Some general caveats related to discovery of potential NSCLC biomarkers are worth noting. First, the fact that a protein is associated with tumor tissue need not mean that it is specific for tumor tissue. For example, inflammation, extracellular matrix remodeling, hypoxia, and tissue necrosis accompanies tumor progression but also many other non-malignant conditions such as injury, wound healing or infection. Second, biomarkers we identified could reflect a difference in the ratio of cell types that constitute a tumor sample compared to that of the normal lung tissue. For example, if tumor tissue consists of cancer cell overgrowth, some of the biomarkers are expected to be specific for that cell type (in this case, epithelial cells), transformed or not. Similarly, if a tumor tissue sample is either more or less vascularized than the surrounding normal tissue, a change in the expression of endothelial cell-specific proteins may be observed. Indeed, we observed significantly lower concentrations of ESAM, a protein specific to endothelial cells, compared to matched, non-tumor tissue. We confirmed this histochemically, as shown in Figure 8, where we measured 35-fold more ESAM-positive endothelial cells in distant non-tumor tissue compared to tumor tissue. Finally, SOMAmers, like all affinity reagents, bind and recognize specific epitopes of target proteins generally in a conformation-dependent manner, and any particular measurement reflects the availability of that epitope.
ESAM staining is shown in lung tumor (A,C) and normal lung (B,D) distant from the tumor. Endothelial cells are visibly more abundant in the normal lung section, consistent with the high vascularity of normal lung.

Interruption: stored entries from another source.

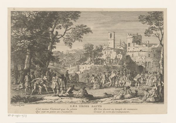 Editor: This is "Landschap met vissers," or "Landscape with Fishermen," an engraving dating back to sometime between 1749 and 1806, currently housed in the Rijksmuseum. It’s by Francesco del Pedro. I find the whole scene very tranquil. What strikes you when you look at this piece? Curator: Tranquil is a lovely word for it. For me, this piece whispers tales of 18th-century leisure and perhaps, even commerce. I mean, look at the almost theatrical composition—the light, the poses! Don't you think there’s a gentle irony, placing this leisurely scene with text referencing global trade? Almost a "pastoral fantasy meets gritty reality" vibe. It's intriguing, no? Editor: Yes, that contrast definitely adds another layer! So, the text at the bottom isn't just a description then? Curator: Oh, heavens no! It’s suggesting far more, doesn’t it? That these leisurely activities spring from or are somehow connected to the flow of goods. It connects something delicate and ‘local’ with global networks and flows, which for me, hints at some deeply complex layers beneath this seemingly pretty image! I'm curious, does knowing this influence your sense of its tranquility at all? Editor: It definitely complicates it! There's something almost uneasy about it now. The figures are much more like performers within a market that they may or may not benefit from. Curator: Precisely! Suddenly, those serene figures feel like characters on a stage. What starts as decorative becomes deeply reflective, wouldn’t you agree? Editor: I think so! Now I see the global-local connection that makes me reflect a bit about our position today. I'm grateful for having seen the initial mood in a different light, this changed my perspective for the better! Curator: And isn't that just the magic of art? Always capable of twisting perceptions. It was an enriching journey of insight, dear fellow art enthusiast!
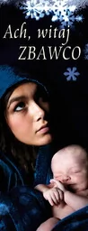 Baner na Boże Narodzenie "Ach, witaj zbawco!" 50x130 cm W centralnej części prezentowanego banera religijnego znajduje się Matka Boża oraz Dzieciątko Jezus. W górnej części widnieje napis: "Ach, witaj zbawco!". Baner religijny w rozmiarze: 50x130 cm.
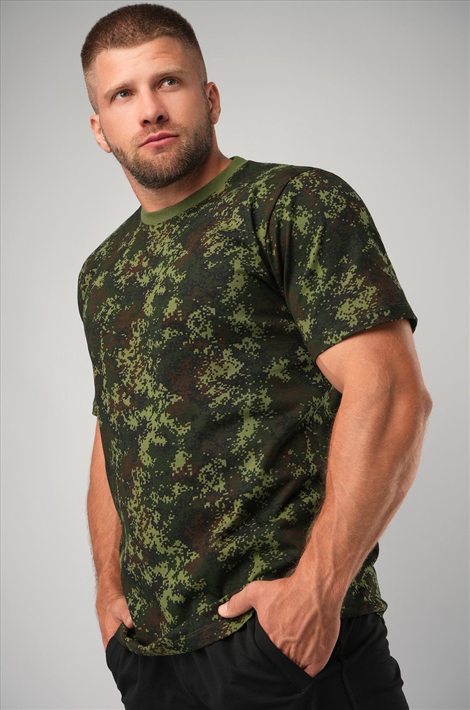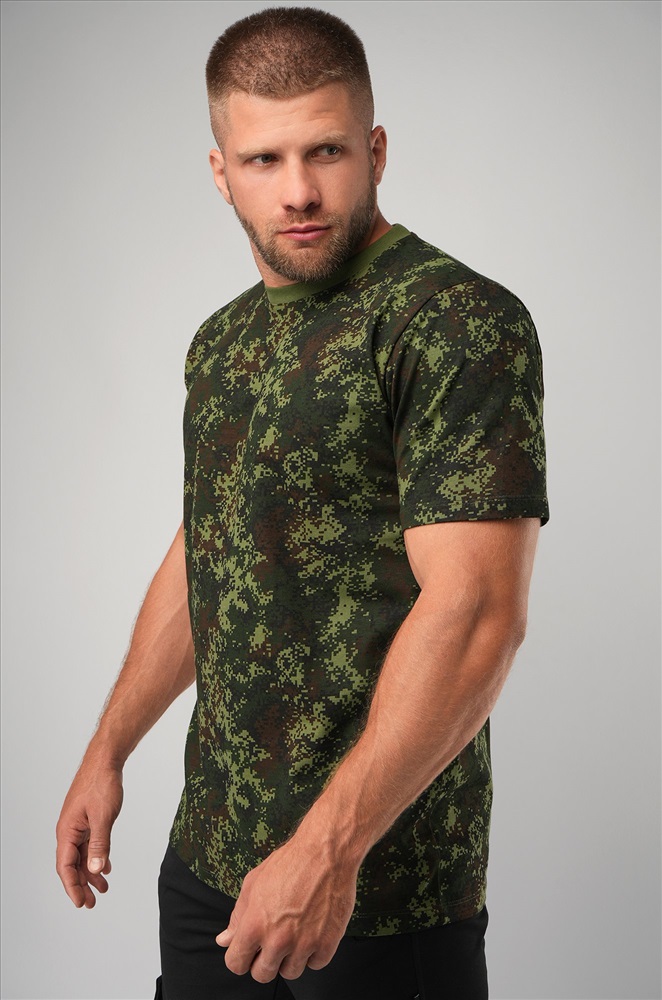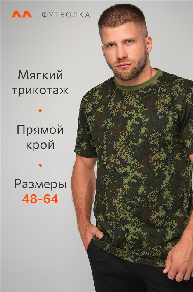 Хлопковая футболка с принтом цифра для мужчин выполнена в темно-зеленой расцветке. Камуфляжная футболка идеальна для походов, рыбалки, охоты и туризма. Стильная футболка подойдет для поездок на природу, страйкбола и использования в рабочих профессиях. Тактическая футболка приятна на ощупь и отличается комфортом, что особенно важно при активном образе жизни. Защитный рисунок не боится стирок, надолго сохраняет первоначальный вид и яркость. Футболка военный камуфляж отлично подойдет в качестве подарка для мужчин на 23 февраля. Армейская футболка из мягкого трикотажа – идеальный выбор для военных, охотников и рыбаков. Широкий размерный ряд, есть большие размеры. Модель Артем, его рост 172 см, параметры 113-82-100 см. На нем футболка 52 размера.
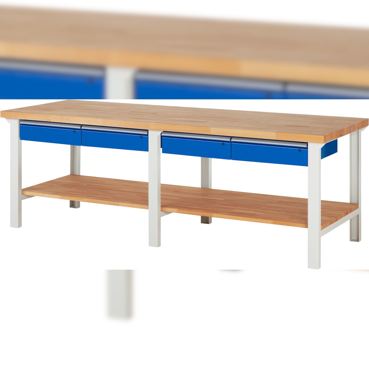 PROREGAL Werkbank Serie 7000 - Modell 7002 | HxBxT 84x250x90cm | 4x Schublade + Ablageboden | Schubladenmaße 4x150mm

Raw images are shown in A and C, with ESAM-positive cells identified by the CellProfiler algorithm marked with a “1” in images B and D.
Comparison of NSCLC tissue and serum biomarkers
We have recently completed a NSCLC study  in which we analyzed 1,326 serum samples from four independent clinical study centers using the same proteomic platform and a protein menu nearly identical to the that used for tissue (813/820 proteins ). The study included patients diagnosed with pathologic or clinical stage I–III NSCLC and a control population with a history of long-term tobacco use, including active smokers and ex-smokers with at least 10 pack-years of cigarette smoking. Taking extensive precautions to account for pre-analytic variables, we identified 44 candidate biomarkers, and developed a 12-protein panel that distinguished NSCLC from controls with 91% sensitivity and 84% specificity in a training set, and 89% sensitivity and 83% specificity in a blinded, independent verification set. The availability of this database allows us to compare changes in protein expression in tissue and serum from NSCLC patients.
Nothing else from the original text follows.